Herman turns the wheel to the right, and we drive another few hundred feet until we come to a large, century and a half old stately, cathedral-like building that’s built of brownstone and serves as Albany’s city hall. He positions the van so that I have no trouble viewing the façade from where I’m duct-taped to the back seat. Like the rest of the city and its buildings, City Hall is empty at this hour of the morning, just another extension of Albany’s ghost town-like quality that exists once the workday is finished and all the workers commute back to their homes in the suburbs.
But when I look, the place isn’t unoccupied after all. The more I am able to focus in on the landing at the top of the steps leading to the entrance of the building, I can make out a someone standing by the two sets of big wood and glass doors. She’s standing casually, her left shoulder leaning against one of the big pillars.
“Well, would you look at that beautiful woman,” Herman says. He sniffles, wipes his eyes with the back of his hands. The SOB is actually crying. “She is one of the most beautiful women I have ever loved and one of the most beautiful women who has ever loved me back. I am sooooo her man.”
He raises his smartphone, snaps a couple of pictures.
I’m staring at this woman who possesses wide eyes and is dressed in a black gown, her hair done up in a bun, her face masked in makeup including bright red lipstick I can see even from a distance. She’s standing in high heels, and her right, silk-gloved hand is held out before her like she’s
about to greet someone who is presently coming up the stairs. Someone who, no doubt, will be ascending the stairs very soon. Someone who works in this old building. Maybe even the mayor himself.
I want to scream and rip myself out of this seat, but I can’t move. All I can do is watch this sick bastard . . . this funeral home flunky . . . live out his perverted psycho fantasy with some poor soul he’s kidnapped, filled with embalming fluid, and dressed up like a living doll. No doubt there is a love note pinned to her clothing that’s signed “I have always been her man . . .” Or something like that.
Then, blaring out of the inner-city distance behind me—sirens. Cop cruisers speeding along State Street in our direction.
“Here come da fuzz, Jobzy,” Herman casually chants. “Maybe we should park somewhere safer, you know, buddy?”
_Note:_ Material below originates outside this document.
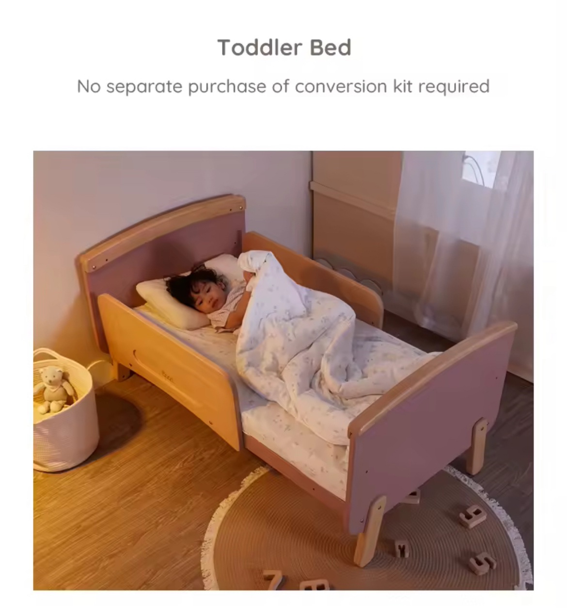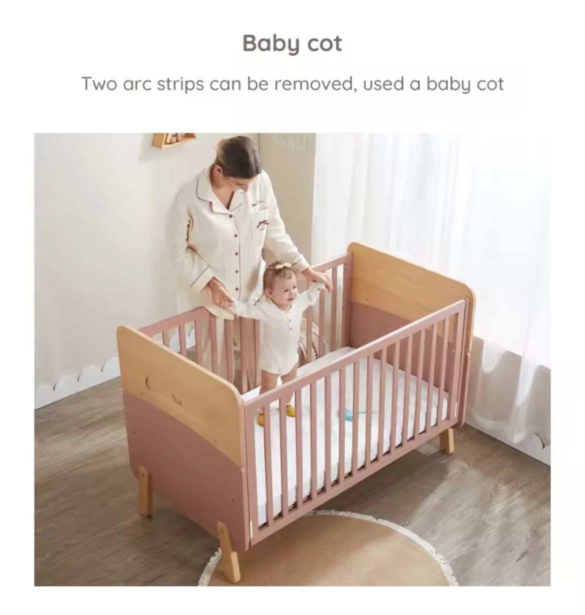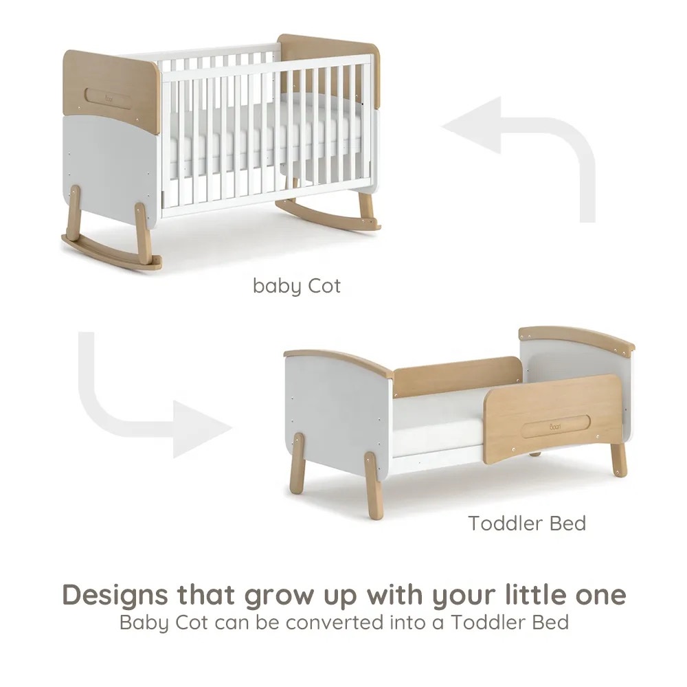 • Two arc strips can be removed and used as regular crib, later transferred to toddler bed – no separate purchase of conversion kit required

Like I’m about to agree with him and his tactics. That is, if I could speak. He puts the van into drive, pulls across the street to Academy Park, makes a U-turn in order to shield us somewhat from view by the park’s old trees. At the same time, however, we can still get a good look at the city hall entrance and the woman he’s murdered.
Coming from the driver’s seat, the sound of Herman’s heavy breathing. If I didn’t know any better, I would swear he’s pleasuring himself. Because that’s the kind of man Herman is. A creep. A psychopath.
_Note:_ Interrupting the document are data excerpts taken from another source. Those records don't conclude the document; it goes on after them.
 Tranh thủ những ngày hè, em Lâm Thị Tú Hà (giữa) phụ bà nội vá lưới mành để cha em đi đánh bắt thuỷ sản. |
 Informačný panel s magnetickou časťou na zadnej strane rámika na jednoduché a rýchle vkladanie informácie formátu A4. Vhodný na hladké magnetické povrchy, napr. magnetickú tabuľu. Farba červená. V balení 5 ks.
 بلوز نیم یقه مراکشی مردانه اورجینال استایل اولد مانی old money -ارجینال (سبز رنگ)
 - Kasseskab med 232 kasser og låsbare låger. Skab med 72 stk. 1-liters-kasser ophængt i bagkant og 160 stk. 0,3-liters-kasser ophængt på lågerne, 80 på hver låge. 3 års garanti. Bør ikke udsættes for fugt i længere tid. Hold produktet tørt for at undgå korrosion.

Then, coming into view, four cop cruisers and a fifth unmarked one arrive on the scene, flashers flashing, sirens blaring. The cars come to a screeching, rubber-burning stop, diagonal to the building façade. The uniformed cops jump out, their weapons drawn and aimed at the dead woman as if she’s alive just enough to take aim on them with a firearm.
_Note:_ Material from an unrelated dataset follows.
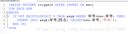 4、创建触发器trigger5,实现当向学生成绩表(xscj)中插入一条选课记录时,查看该学生的信息是否存在在学生信息表中,如果不存在,则把该学生的基本信息加入到学生信息表中。

The driver’s side door of the unmarked cruiser opens, and Miller slips out. My God, does the man ever sleep? Does he have a home? Is he, in fact, human? He stands taller than most of the blue uniforms while he draws his service weapon from the shoulder holster hidden under his navy blue jacket and makes his way from his vehicle to beyond the marked cruisers, toward the city hall staircase.